We had the privilege of participating in the innaugural round-the-world cruise for Viking Ocean Cruises onboard the Viking Sun. Leia mais
  • Porto, Portugal

    1 de maio de 2018, Portugal ⋅ 🌙 50 °F

    We are back in Porto after a year’s absence, and the place is more beautiful than ever. Porto is the town that gave Portugal its name. I visited the twelfth century Franciscan Church, and we were given a general tour of the city before going to a tasting of port wine. This wonderful sweet wine was invented when shipments of wine sent to England spoiled on the way. Winemakers found that by adding a little bit of liquor to the wine, the fermentation process was stopped, and shelf life could be extended indefinitely. There arose such a taste for port in England that it has remained popular there ever since. In fact, now whenever British naval officers toast the health of the Queen, they always do so with a glass of port wine.
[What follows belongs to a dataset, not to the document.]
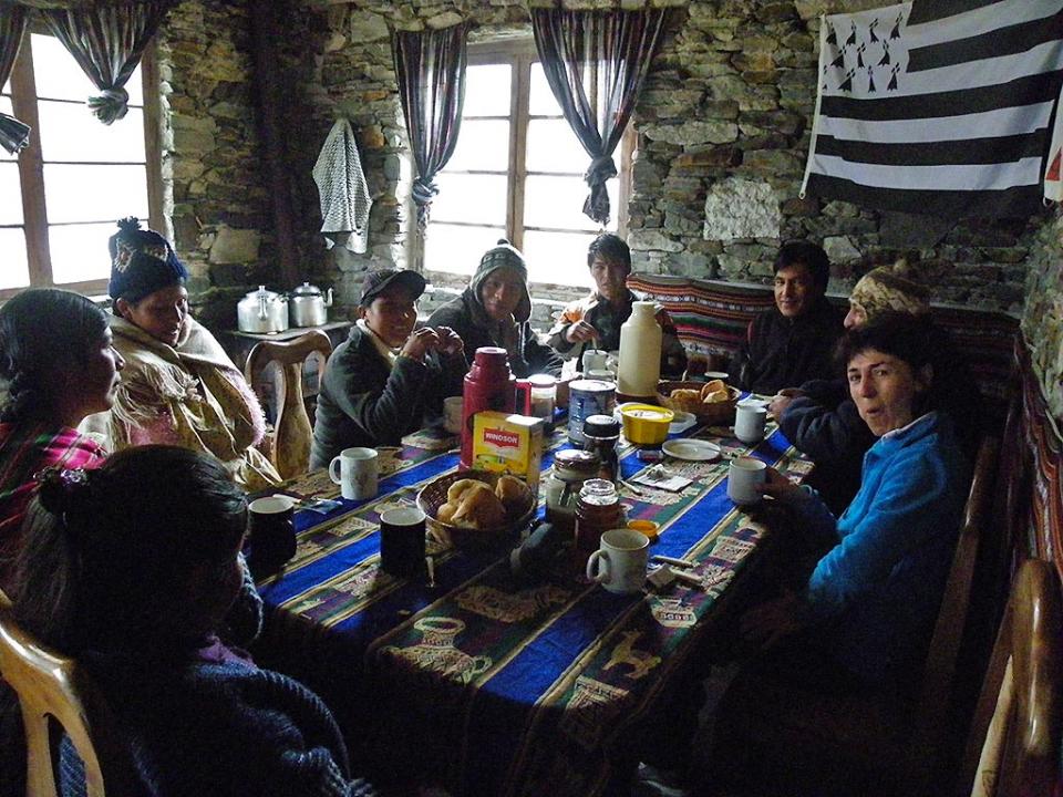 En début d’après-midi vous partez jusqu’au refuge Santos à 4 400 m d’altitude. Ce refuge est situé en pleine Cordillère Royale. Vous passerez par le col Mollo au pied du glacier WilaLluxita avant de descendre sur la Mina Fabulosa et de rejoindre le refuge Santos. Vous découvrirez alors le projet « Qala Uta » né au début de l’année 2002, à l’initiative de quelques familles des communautés d’UmaPalca et de Challana. Les membres de Qala Uta ont alors dessiné le projet de mettre au service des visiteurs leurs connaissances de la montagne, de leur faire découvrir leur culture Aymara et leur mode de vie communautaire. Dans cette magnifique vallée, la communauté a construit ce beau refuge tout en pierre. Vous dînez sur place puis vous passez la nuit au refuge.

    One of our passengers asked the guide when Portugal separated from Spain. The guide said that Portugal was never part of Spain. Portugal has been a single, united country since the twelfth century. Spain did not become a single country until the end of the fifteenth century. Portugal is a beautiful blend of the old and the new. There are parts of the city of Porto that are lifted right out of a medieval painting. Nearby are new apartment buildings, an oil refinery, and a city with all of the accommodations one would expect.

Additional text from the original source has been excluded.